Here are some ideas to get you thinking about how you might use this new tool in your course. Do note that many of these are possible to do in other ways (like using Office 365 collaboration documents). The tool in Canvas can make some of these quicker or easier, but, in some cases, it may be appropriate to continue to use the other tools. Feel free to contact the Educational Software Consulting team for help using the feature, or ask for a consultation with Teaching Support staff to discuss how these activities might help your students reach their learning objectives in your course.

  • Have students analyze, critique, or respond to prompts (texts, images, or both).
  • Train academic paper reading skills. Reading academic papers can be challenging to read and learn from without training. Upload a paper (either relevant to this course, or perhaps in a similar field, but not exactly related to this course) and ask the students to read it. Have them use the annotation tools to highlight passages they consider important, make margin notes for questions that remain or their thoughts at that moment of reading, or to make commentary about the structure, flow, and formatting of the paper.
  • You can provide feedback on important information the student did not take notes on, extraneous highlighting, and other details.
  • Ask for self-reflection and/or start a class discussion of errors in papers. Use a sample assignment submission like students might hand in and ask them to mark it up. Optionally, you can include a rubric in the template document for the students to fill in. This will allow you to have a discussion with them about the feedback that they find most important. This can also help them to review their own submissions before submitting.
  • Post a “find errors and correct them” assignment.
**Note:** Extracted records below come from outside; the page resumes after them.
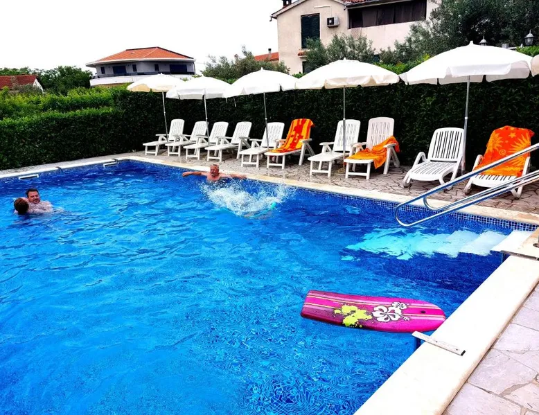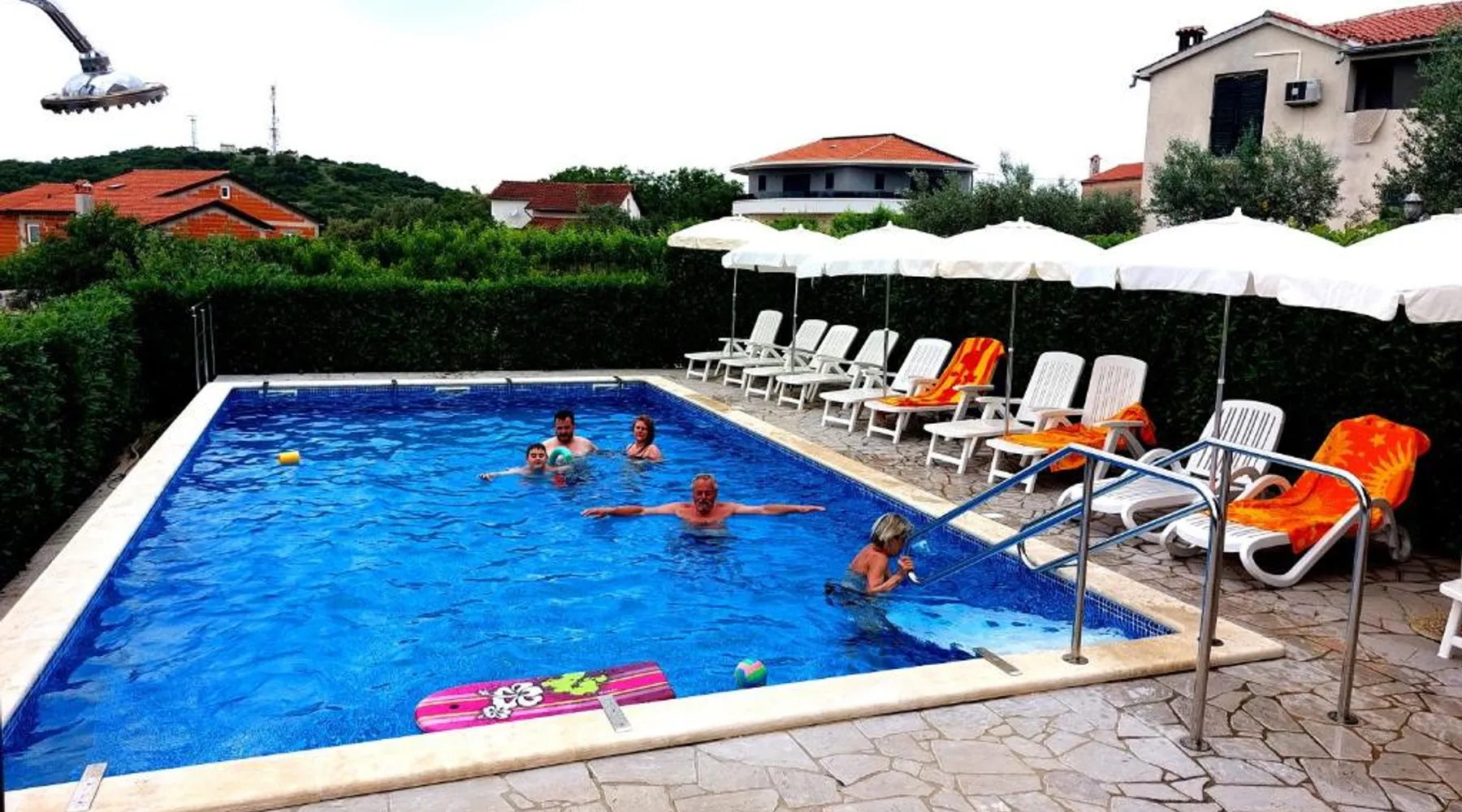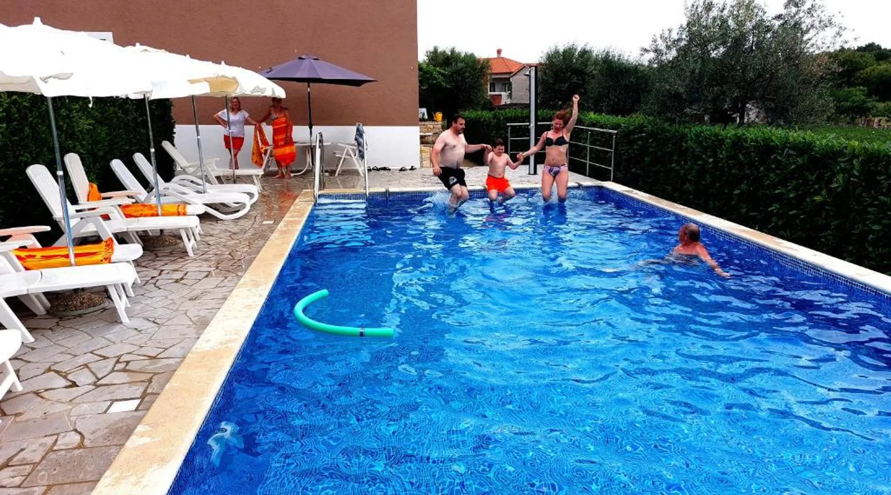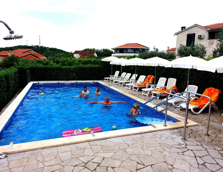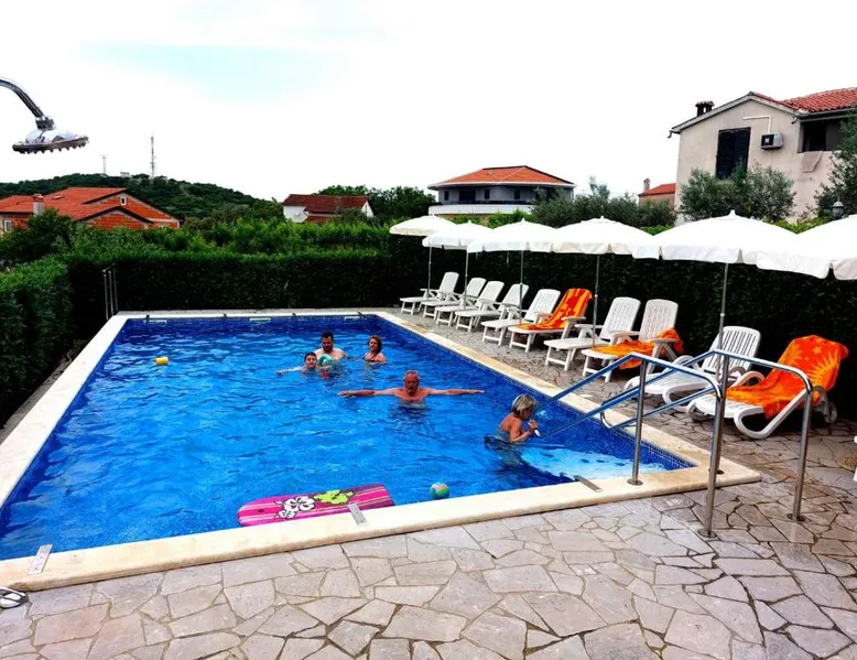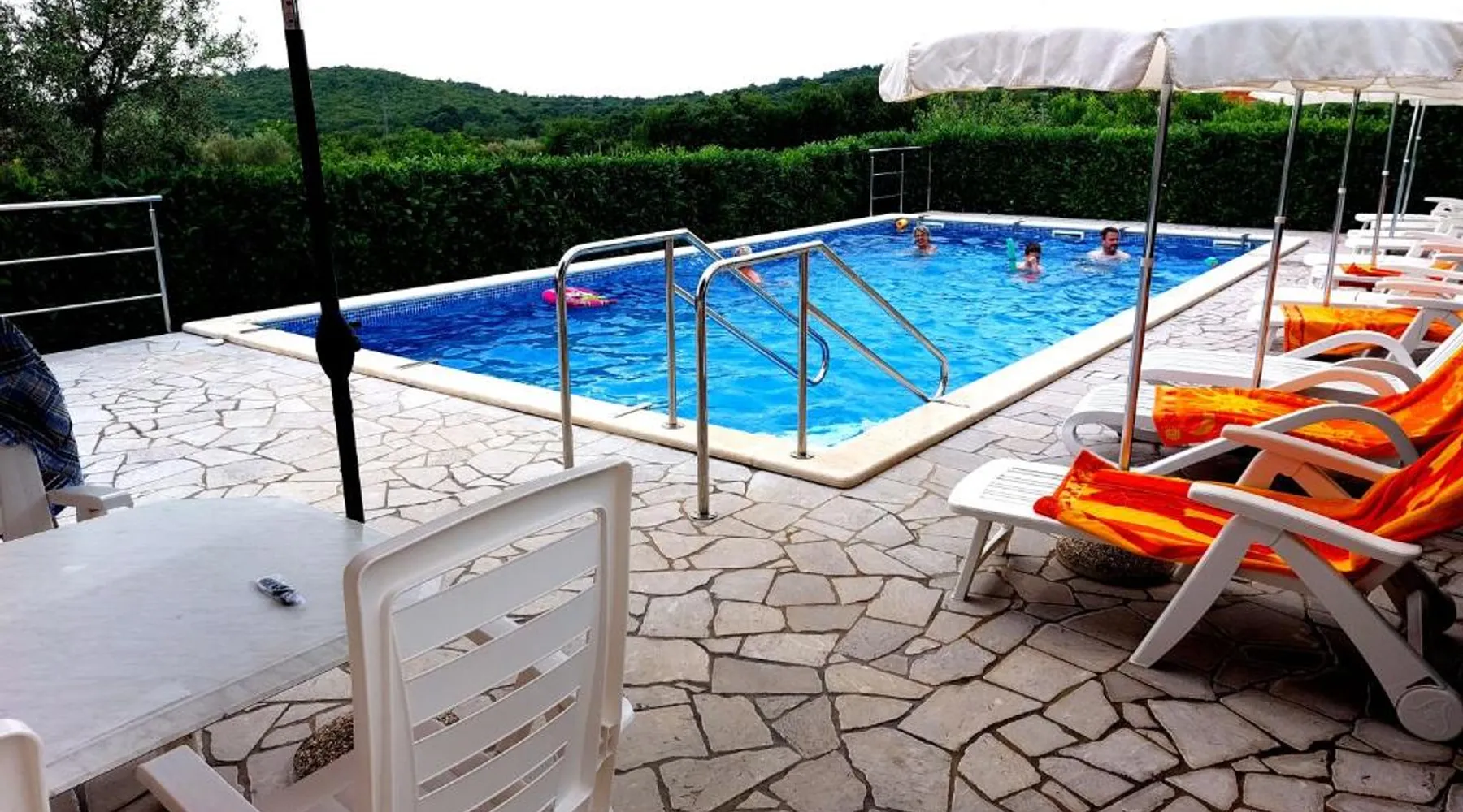 Comfortable Accommodations: Apartments Bakša in Kanfanar offers a sun terrace, garden, seasonal outdoor swimming pool, and free WiFi. Private check-in and check-out services ensure a smooth arrival and departure. Leisure Facilities: Guests can enjoy an outdoor fireplace, waterpark, outdoor play area, pool bar, and outdoor seating. Additional amenities include a children's playground, barbecue facilities, and free on-site private parking. Local Attractions: Located 22 mi from Pula Airport, the property is near attractions such as Cathedral St. Eufemia Rovinj (7.5 mi), Dvigrad Castle (6.8 mi), and Aquapark Istralandia (25 mi). Walking tours are available. Guest Satisfaction: Highly rated by guests, Apartments Bakša is praised for its friendly host. This apartment features a pool with a view. Boasting a private entrance, this air-conditioned apartment features 1 living room, 3 separate bedrooms and 2 bathrooms with a shower and a hairdryer. Guests will find a stovetop, a refrigerator, a dishwasher and kitchenware in the well-fitted kitchen. The apartment also comes with a barbecue. The spacious apartment features a washing machine, a tea and coffee maker, a seating area as well as a terrace with garden views. The unit has 4 beds.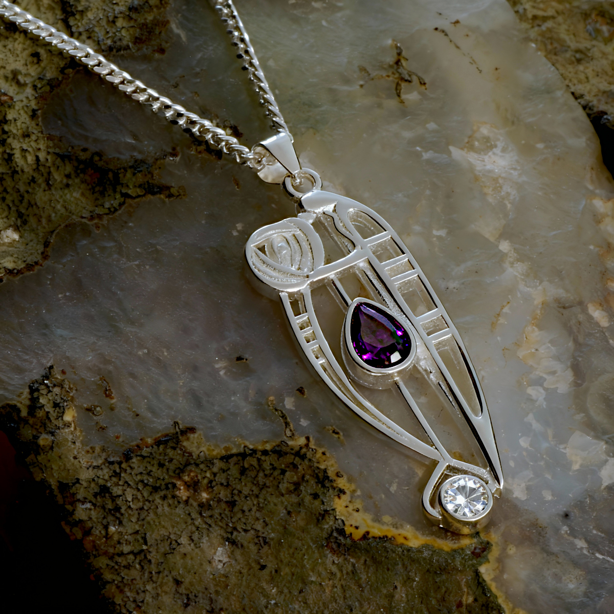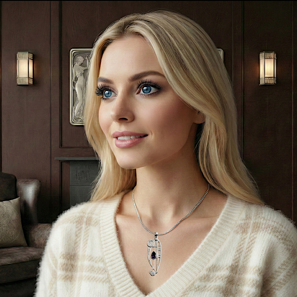 Charles Rennie Mackintosh pendant “Catherine”. Sterling silver. Amethyst & cubic zirconia.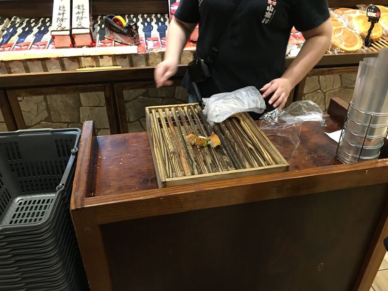 服務人員說:這一個香烤魷魚條是山寨村的第一名伴手禮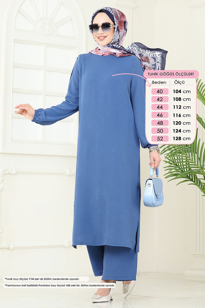 يوجد زر يمكن استخدامه من الخلف. المنتج لديه ياقة دائرية. البلوز تحتوي على فتحة. غير مبطنة. الأزرار هي إكسسوارات. خصر البنطال مرن. السوار مطاطي. قد يكون هناك اختلاف في الدرجة اللونية في المنتج بسبب التقاط الصور الفوتوغرافية.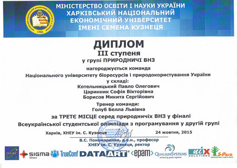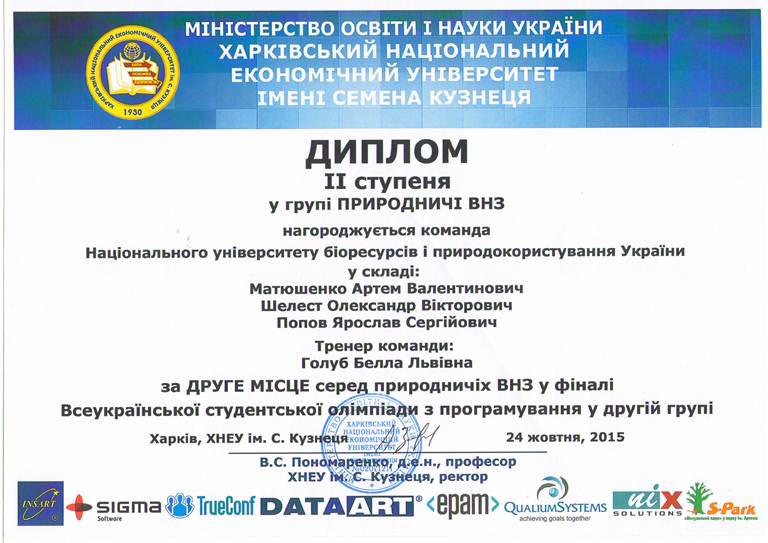 Як уже повідомлялося раніше, у вересні 2015 р. на базі НУБіП України було проведено другий етап Всеукраїнської олімпіади з програмування серед команд Київського регіону.

Especially useful for a language or coding course (but also can apply to others, like math or logic), create an assignment of statements or solutions that have errors in them, and ask students to mark up what the error is, and suggest corrections. Do keep in mind the limitations of annotations as small corrections; do not have problems that require a significant rework. “True or False, but, if false, make it true” assignments are a narrower sub-type of this activity.
  • Ask students to label a diagram or image as their submission. The student can use point comment tools to label individual parts, or box comments for larger structures that cover an area. This is comparable to a “hot spot” question in some ways. This is only recommended for identifying parts of a diagram, image or document; other assignment types are better for rote whole image identification. This can be used not only for low-level identification (“label the parts of this building’s façade and attribute it to a period”), but also higher-level analysis (“discuss your interpretation of this x-ray”).
  • Collect student feedback in a specific format, such as providing a form or template that you would like students to fill in for a “360 degree” peer evaluation after a group assignment, but you do not want students to need to download or upload files (and a survey is too much for what is needed).
  • Fill out “lab notebook” or “observation notebook” documents in a course that does not make heavy use of them to utilize another tool specialized to that purpose.